RECORDS TO PROCESS: Begin

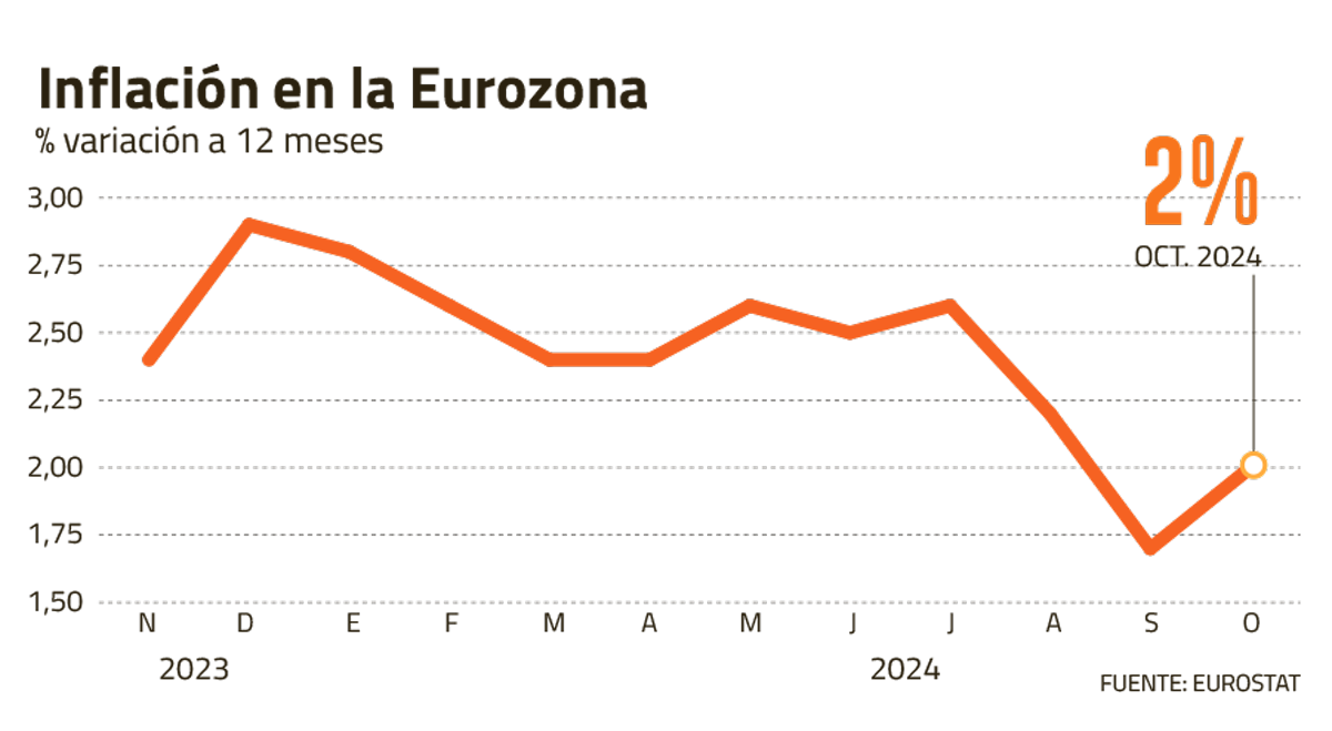 Después de la caída de la inflación anual al 1,7%, por debajo de la meta del 2%, en septiembre, la tasa subió en octubre (al 2%). Los analistas esperan un nuevo aumento consecutivo, que llevará la inflación anual al 2,4% y la inflación subyacente hasta el 3%.
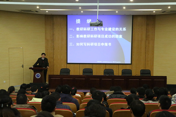 冯德连从教研、科研工作与学科专业建设的关系讲起,谈到教研科研工作与教学、教师职业发展和学校发展的三个结合,以及影响教研、科研项目成功的因素等内容,重点阐述金点子如何形成、如何巧妙包装和艺术性设计等一系列成功的经验,并提出“早干”、“多干”、“快干”和“细心”、“用心”、“恒心”几个关键词。最后,冯德连以自己申报国家社科基金等项目为例谈如何撰写项目申报书,从选题、科学论证、研究内容、思路方法与创新之处等诸多方面详细讲述了申请书撰写过程中的关键点和注意事项。
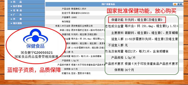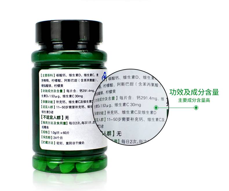 斯强牌成人钙片 1.0g/片*60片 中老年补钙维生素C D
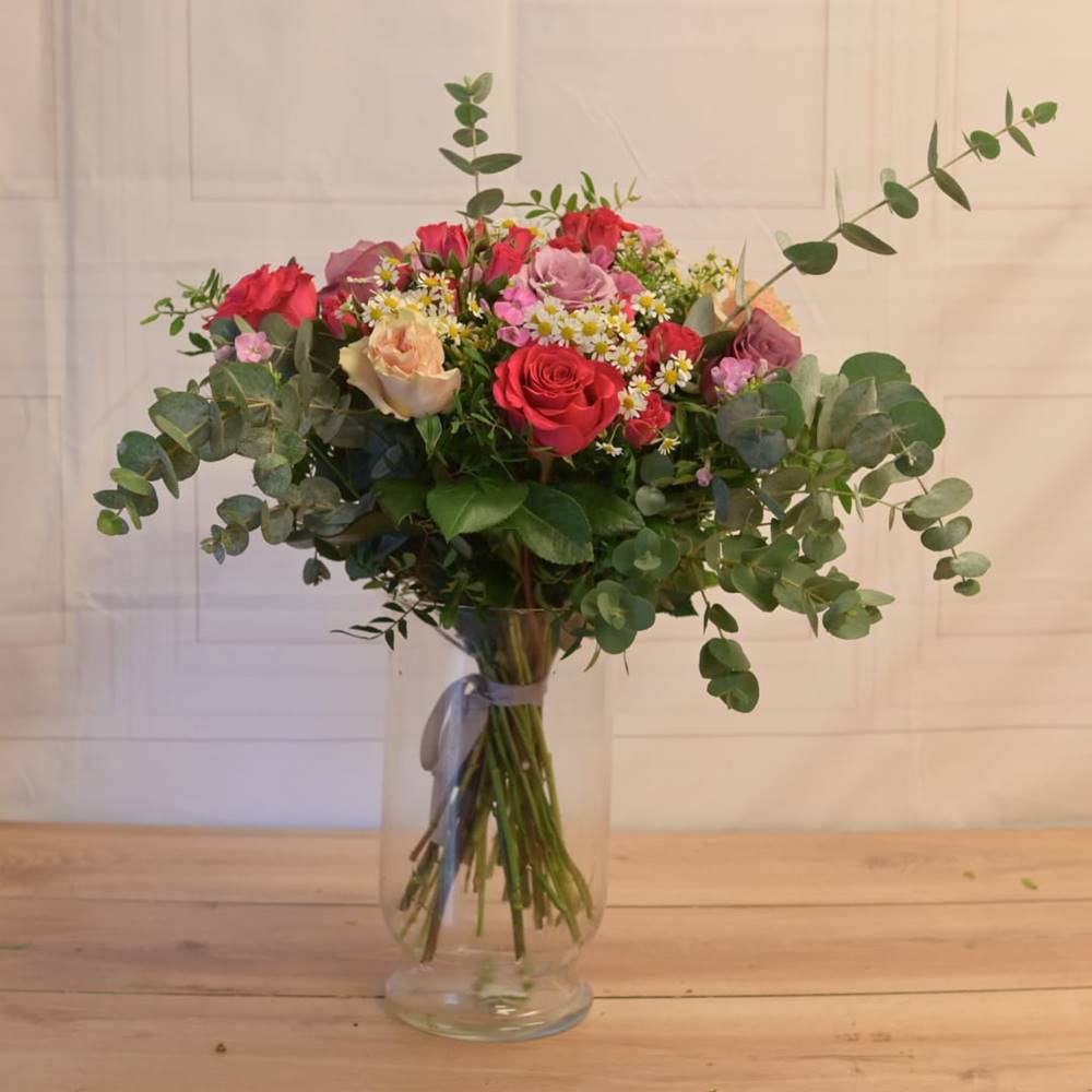Ramo con  rosas color rosa, fucsia  y lila, además de rosas spray color fucsia, tanacetum, phlox rosa y verdes de temporada,  El perfecto ramo para agradecer a un amigo o conocido.  Los tonos rosas simbolizan aprecio, confianza y agradecimiento.
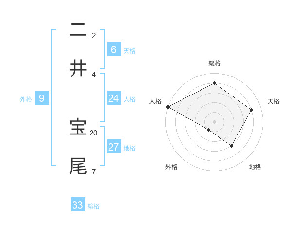 二井 宝尾さんを姓名の画数から五運を鑑定
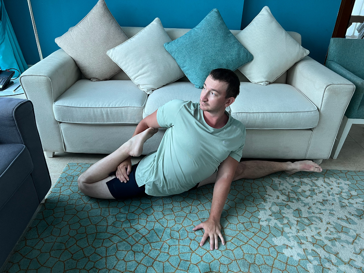 Растяжка мышц задней поверхности бедра: Часто напряженные мышцы бедра влияют на положение таза и поясницы.
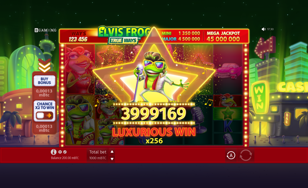 BGAMING's new slot - Elvis Frog TRUEWAY - is another slot for Elvis Frog. The protagonist returns to Las Vegas with his glamour, joie de vivre and party atmosphere. The new slot uses the TRUEWAYS mechanic with 262,144 ways to win and a new Lightning Feature. The slot has one of the largest number of features - in addition to Scatter Symbols, Free Spins, Substitution Symbols and Substitution Symbols with Multipliers, there is also a Coin Revolve feature with the chance to win three types of Jackpots.
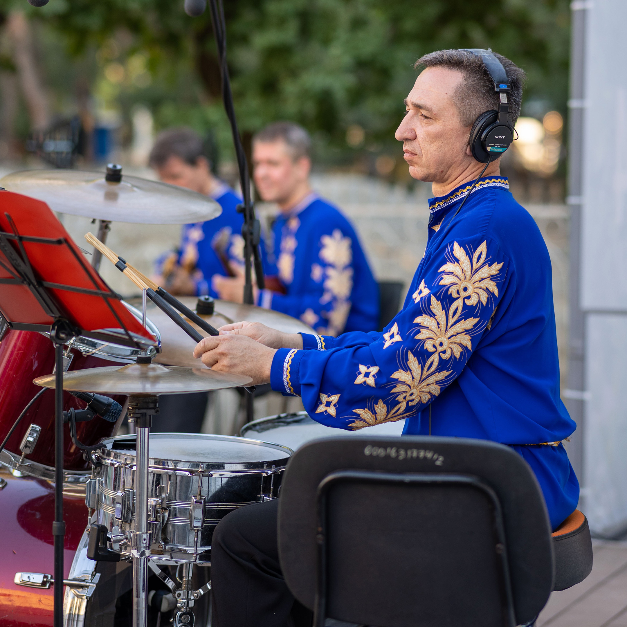 Прозвучали патриотические песни и заводные плясовые, старинные казачьи и шуточные. Выступления солистов перемежалось виртуозными инструментальными номерами ансамбля в составе: музыкальный руководитель коллектива заслуженный работник культуры Кубани Владимир Рудой – баян, лауреат всероссийских конкурсов Александр Малышко – баян, лауреат всероссийских конкурсов Андрей Кибенко – балалайка, Павел Федоренко – бас-гитара. Партия ударных – заслуженный артист Краснодарского края Юрий Чернявский.
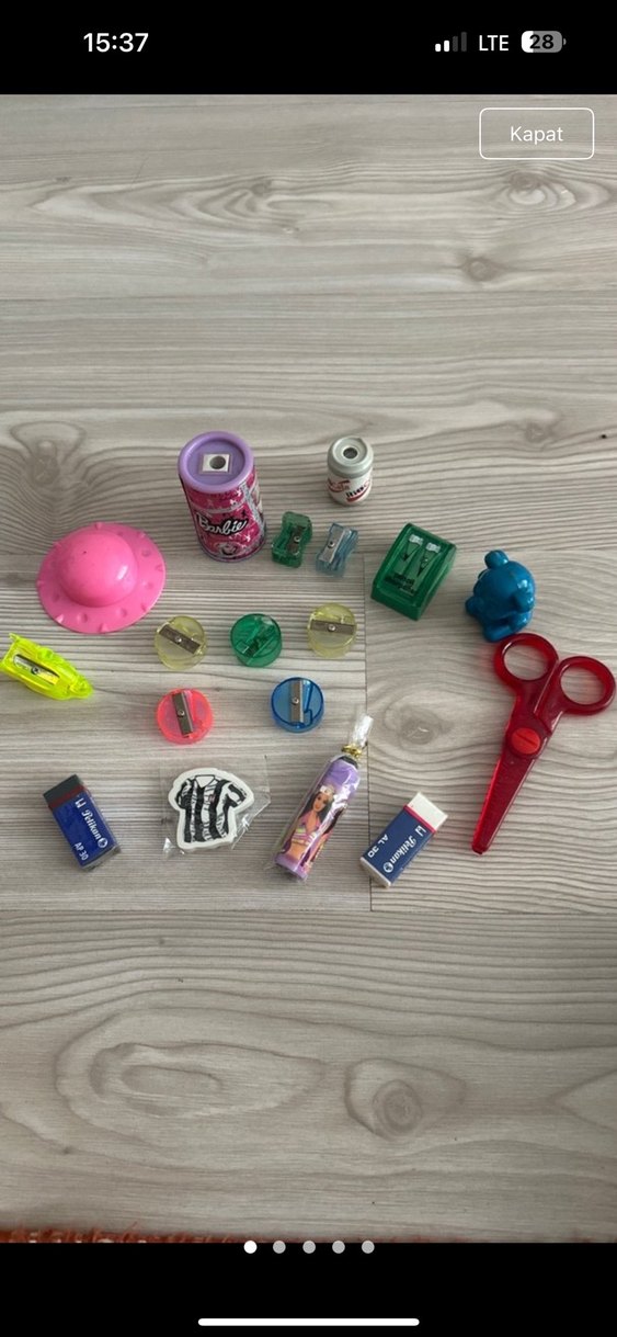 Çeşitli kalemtraşlar, silgiler ve küçük kırmızı makas içeren renkli okul etkinlik malzemeleri seti. ️
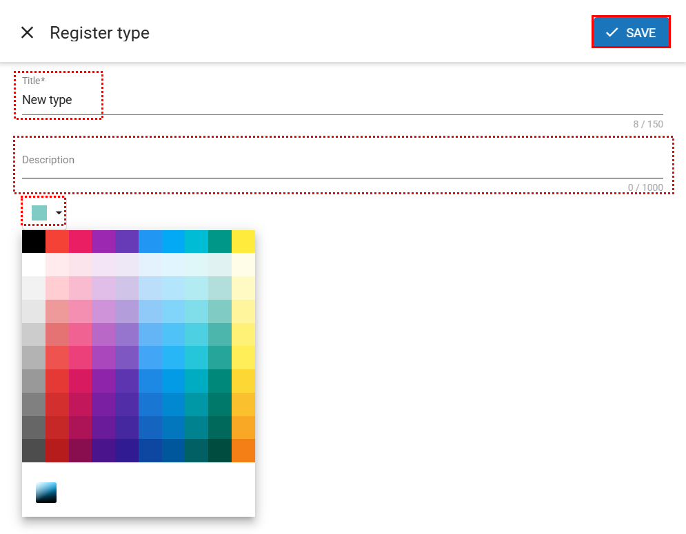 - Title: Enter the name of the type being registered (this field is mandatory and has a limit of 150 characters).
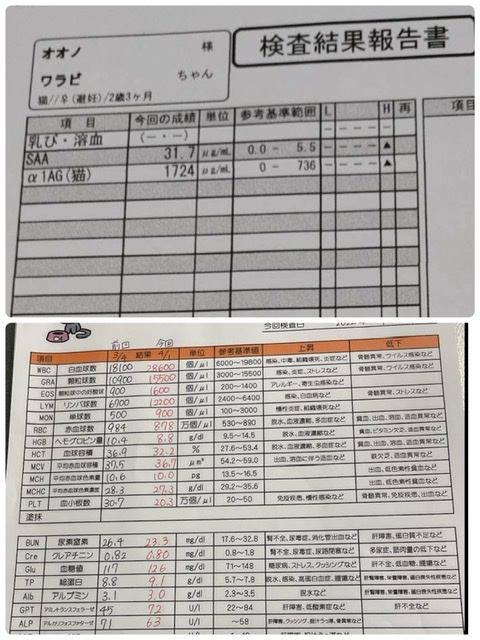 わらびが少し風邪気味だった為調子が良い時に血液検査に次回行って来ます
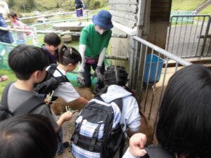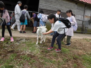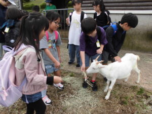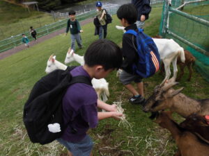 話を聞いた後は、ヤギに近づいてみたり草をやったりして楽しくふれあいました。
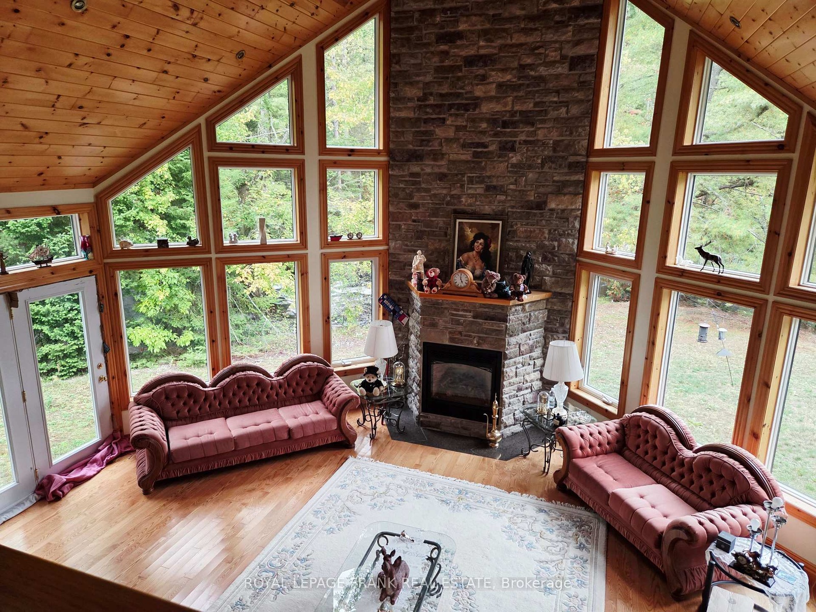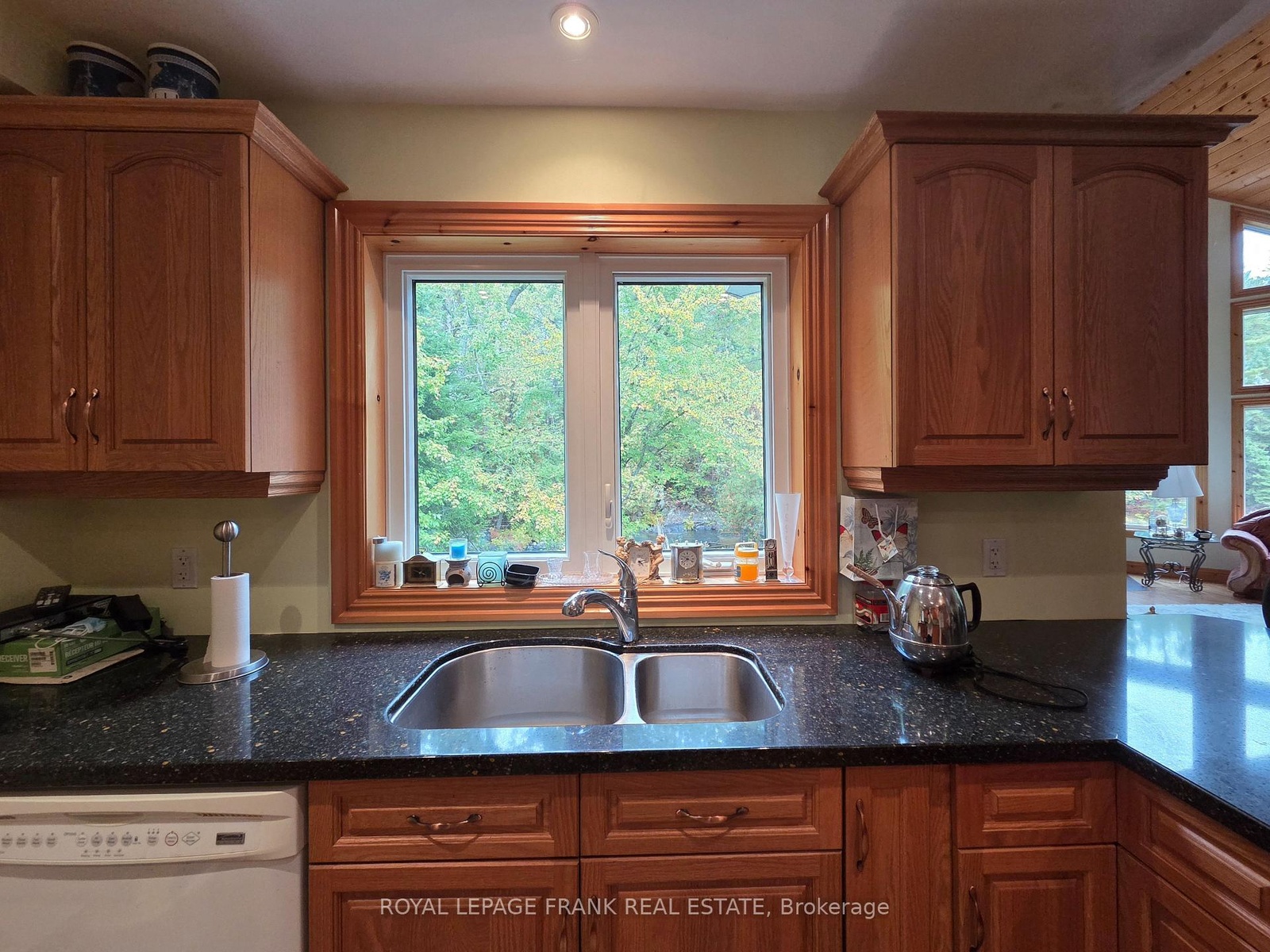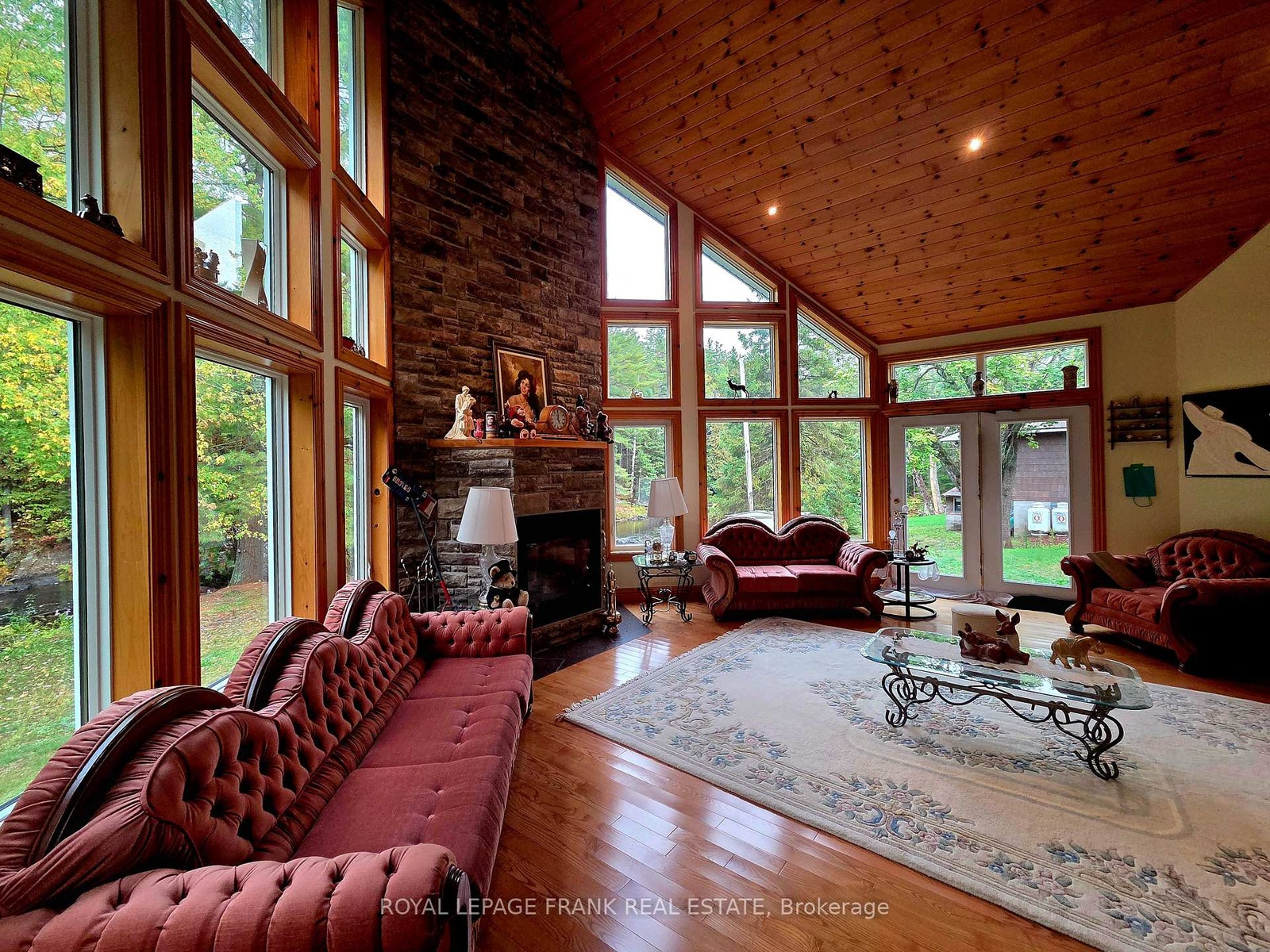 EELS CREEK: Beautifully appointed home sitting on over a half acre point lot with the amazing sound of the terrific rapids on one side and great swimming/canoeing on the SE side of the point lot. This custom 1800+ Sq. Ft. home offers 3 bedrooms, a main floor family room and den, 2.5 bathrooms and upgraded finishes throughout. Including hardwood floors, cathedral ceilings, floor to ceiling windows and fireplace, granite kitchen counters, central vacuum, central air, main floor laundry and 1860 square foot poured concrete basement with 8 ft ceilings waiting to be finished. Detached 1.5 car garage with cement floor and hydro, plus a huge paved driveway allowing for lots of parking. Long Lake public access in the Kawartha Highlands Provincial Park is just minutes away. This property is approximately a 2 hour drive from the GTA and a short drive to the village of Apsley for shopping, our medical centre, public school, library and our impressive community centre with a state of the art workout facility and NHL size rink. Minutes from Jack, Anstruther & Chandos Lakes as well. You will love calling cottage country your home, come see!
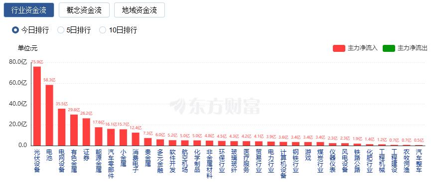 行业资金方面,截至收盘,光伏设备、电池、电网设备等净流入排名靠前,其中光伏设备净流入75.89亿。
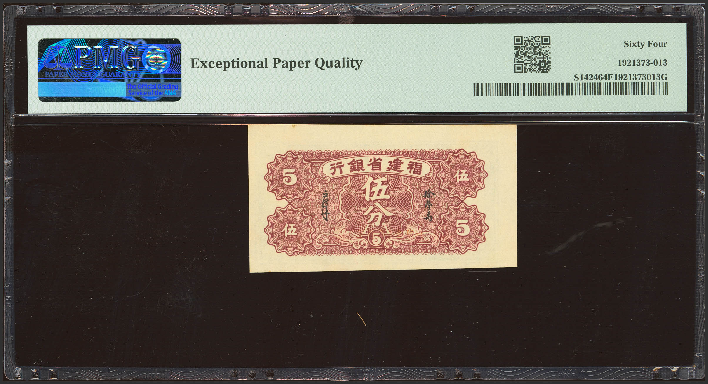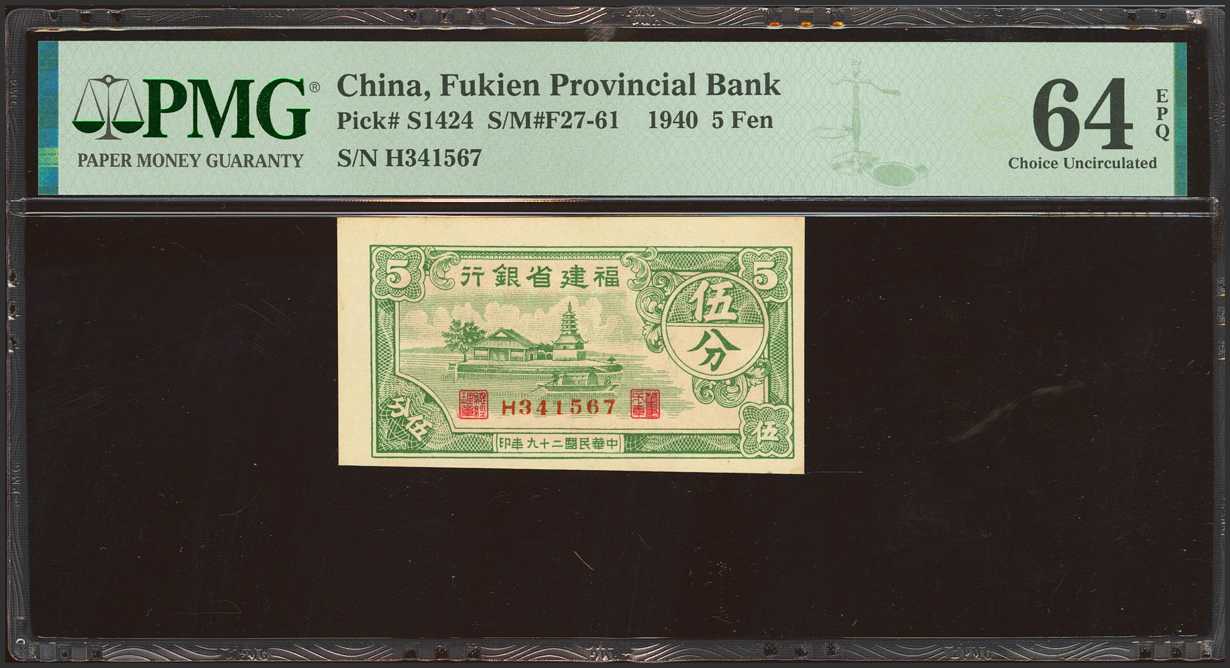 CHINA. 5 Fen. 1940. Fukien Provincial Bank. (Pick: S1424, SM: F27-61). PMG64EPQ.

RECORDS TO PROCESS: End

EXERCISE DIRECTIONS. For this exercise, reproduce exactly the lines of the records above from the one with "Çeşitli kalemtraşlar, silgiler" up to and including the one with "話を聞いた後は、ヤギに近づいてみたり草をやったりして楽しくふれあいました。", without pictures.

TASK SOLUTION.
 Çeşitli kalemtraşlar, silgiler ve küçük kırmızı makas içeren renkli okul etkinlik malzemeleri seti. ️
 - Title: Enter the name of the type being registered (this field is mandatory and has a limit of 150 characters).
 わらびが少し風邪気味だった為調子が良い時に血液検査に次回行って来ます
 話を聞いた後は、ヤギに近づいてみたり草をやったりして楽しくふれあいました。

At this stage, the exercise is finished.